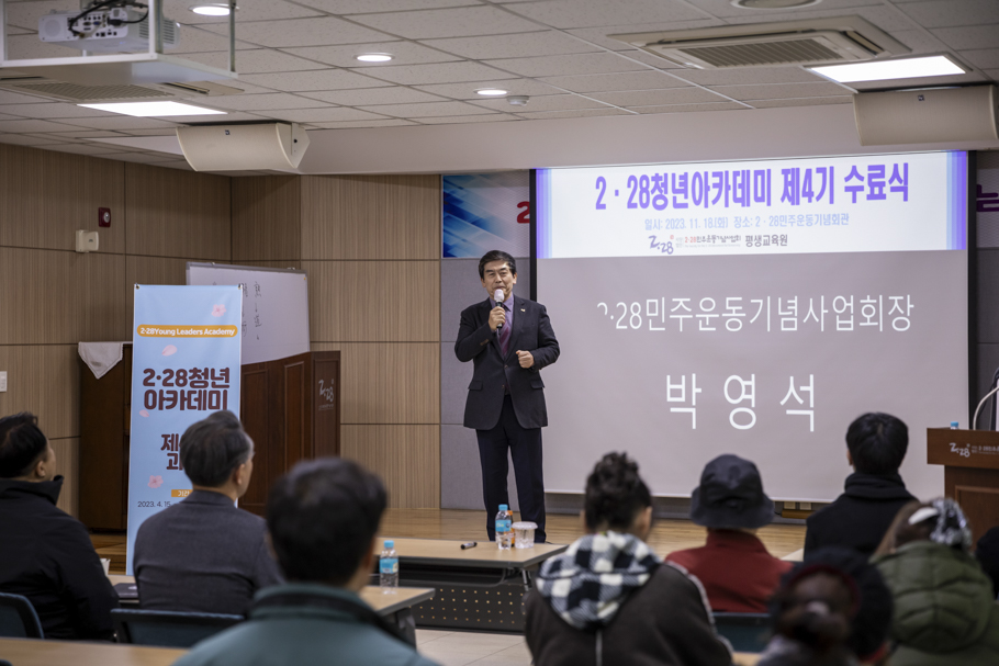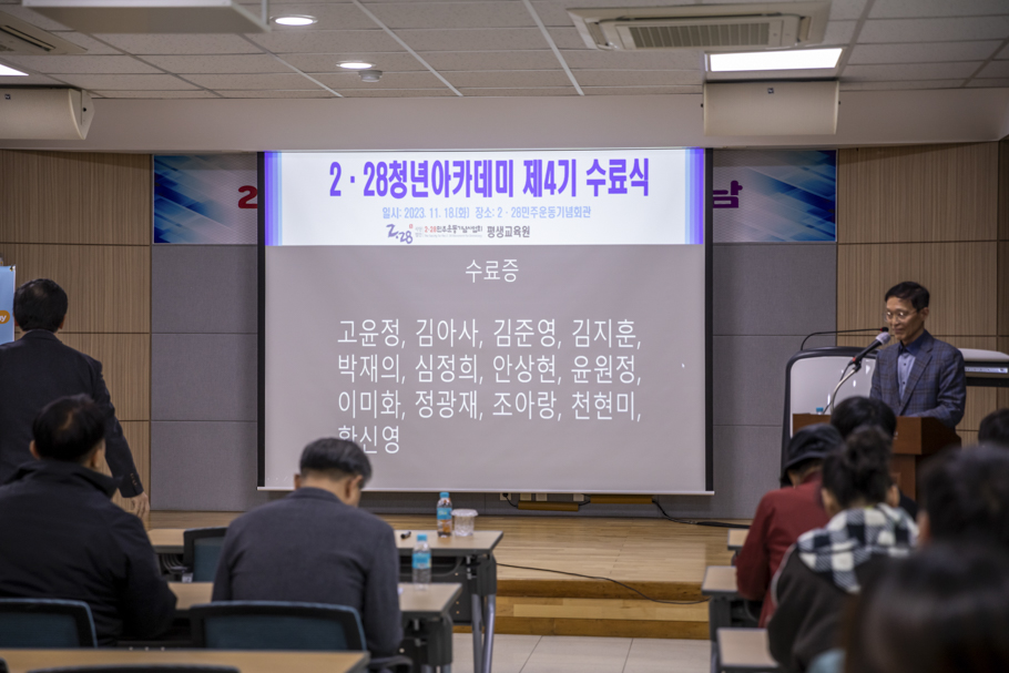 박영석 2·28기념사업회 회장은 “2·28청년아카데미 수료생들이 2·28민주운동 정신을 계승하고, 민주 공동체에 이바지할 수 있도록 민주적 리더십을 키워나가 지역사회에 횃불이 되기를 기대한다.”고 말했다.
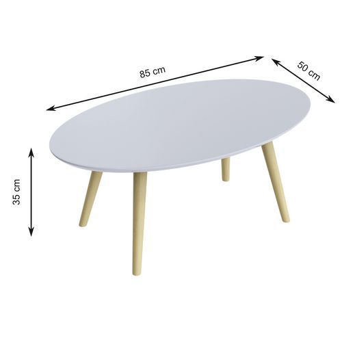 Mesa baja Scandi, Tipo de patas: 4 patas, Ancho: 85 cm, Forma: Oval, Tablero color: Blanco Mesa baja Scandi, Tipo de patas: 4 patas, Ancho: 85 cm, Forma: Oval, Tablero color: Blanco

_ _ _ _ _ _ _

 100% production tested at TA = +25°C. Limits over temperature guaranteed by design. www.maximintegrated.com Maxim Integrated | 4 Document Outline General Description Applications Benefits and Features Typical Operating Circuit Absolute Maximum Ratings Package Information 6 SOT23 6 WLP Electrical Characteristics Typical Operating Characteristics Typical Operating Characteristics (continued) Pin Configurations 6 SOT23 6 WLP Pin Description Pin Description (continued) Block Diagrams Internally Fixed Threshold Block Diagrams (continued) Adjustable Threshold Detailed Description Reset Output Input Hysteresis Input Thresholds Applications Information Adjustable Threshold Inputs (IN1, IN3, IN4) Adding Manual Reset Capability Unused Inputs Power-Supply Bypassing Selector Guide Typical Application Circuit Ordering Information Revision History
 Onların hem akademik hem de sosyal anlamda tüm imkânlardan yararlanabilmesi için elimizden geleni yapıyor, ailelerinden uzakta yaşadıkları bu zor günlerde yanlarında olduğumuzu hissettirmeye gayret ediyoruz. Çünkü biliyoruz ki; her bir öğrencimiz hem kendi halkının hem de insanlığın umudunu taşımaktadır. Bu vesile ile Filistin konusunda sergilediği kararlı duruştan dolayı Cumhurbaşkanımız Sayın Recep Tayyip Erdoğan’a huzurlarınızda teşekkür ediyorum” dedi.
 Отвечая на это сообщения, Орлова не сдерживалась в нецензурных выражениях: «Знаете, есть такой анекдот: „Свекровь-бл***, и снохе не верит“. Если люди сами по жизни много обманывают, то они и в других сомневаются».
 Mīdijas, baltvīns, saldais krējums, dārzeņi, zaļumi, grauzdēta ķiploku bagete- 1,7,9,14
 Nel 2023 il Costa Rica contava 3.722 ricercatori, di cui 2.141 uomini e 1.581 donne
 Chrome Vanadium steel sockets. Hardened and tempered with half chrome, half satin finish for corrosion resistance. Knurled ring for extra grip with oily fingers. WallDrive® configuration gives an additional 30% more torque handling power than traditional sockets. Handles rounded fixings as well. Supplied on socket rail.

_ _ _ _ _ _ _

In the listing above, find the line holding "Nel 2023 il" and the line holding "Chrome Vanadium steel", then output those two lines and every line between them exactly.

 Nel 2023 il Costa Rica contava 3.722 ricercatori, di cui 2.141 uomini e 1.581 donne
 Chrome Vanadium steel sockets. Hardened and tempered with half chrome, half satin finish for corrosion resistance. Knurled ring for extra grip with oily fingers. WallDrive® configuration gives an additional 30% more torque handling power than traditional sockets. Handles rounded fixings as well. Supplied on socket rail.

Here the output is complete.